Gautam Sen
Indian politics are remarkably inward-looking, with little consciousness of its place and role in the dynamics of the wider world. There is of course parochial awareness of events that directly impinge on India, but that is mostly reactive. Indians are concerned with conflicts in the neighbourhood and its benighted elites are obsessed with the charms of a supposed good life in the US that beckons and a comical aspiration to holiday or honeymoon in Switzerland. Yet, the cut and thrust of domestic political debate exhibit little awareness of the degree to which India’s economy itself is entangled with the world economy. India’s GDP trade ratio is 42 per cent which means what happens in the outside world has a significant impact on India. But it is domestic economic policy alone that is held responsible for the level of economic activity and employment in India.
This ingrained shortcoming is much worse in the understanding of most Indians of India’s involvement and role in global geopolitics. There is currently huge discussion in India of the attempts of Western powers to destabilise the government of Narendra Modi, but the real rationale for it is barely grasped. There is a firm conviction that the West is jealous of India and seeks to thwart its rise to inevitable greatness. There is also specific mention of the causes of foreign hostility, from India’s unexpectedly successful UPI, the sudden surge in the export of refined petroleum products to its very attempt to enhance self-reliance, especially in defence. Western hostility towards such Indian aspirations, especially consequential US disquiet, may indeed be a factor. But there is a failure to identify the vital geopolitical calculus that underlies the undoubted desire to destabilise Modi’s India and plant a government in it that can be controlled.

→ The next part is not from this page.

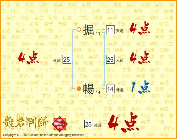 掘暢さんの天運は11画の4点!

The context of such attempts to turn India into a vassal has long historical antecedents but the determination to achieve the goal has been acquiring moment since the dissolution of the USSR in 1991 and has acquired urgency in the past decade or so. Once the West and the US emerged victorious in the Cold War it was predictable that the US would proceed to consolidate the fruits of that hard worn triumph. It is graphically highlighted in the expansion of NATO, from 16 original members to the current thirty, mostly after 1991. Ukraine is poised to become the thirty first and the most critical addition to NATO’s enlargement that has been unfolding over two decades. Ukraine’s entry into NATO would finally seal the Western victory that began with Mikhail Gorbachev’s ill-advised retreat. He had proceeded to practically flee from the Eastern Europe helter-skelter. Gorbachev quite failed to anticipate the forces of inevitable geopolitical checkmate that would subsequently unfold to threaten the very existence of the successor rump of Russia as a consequence.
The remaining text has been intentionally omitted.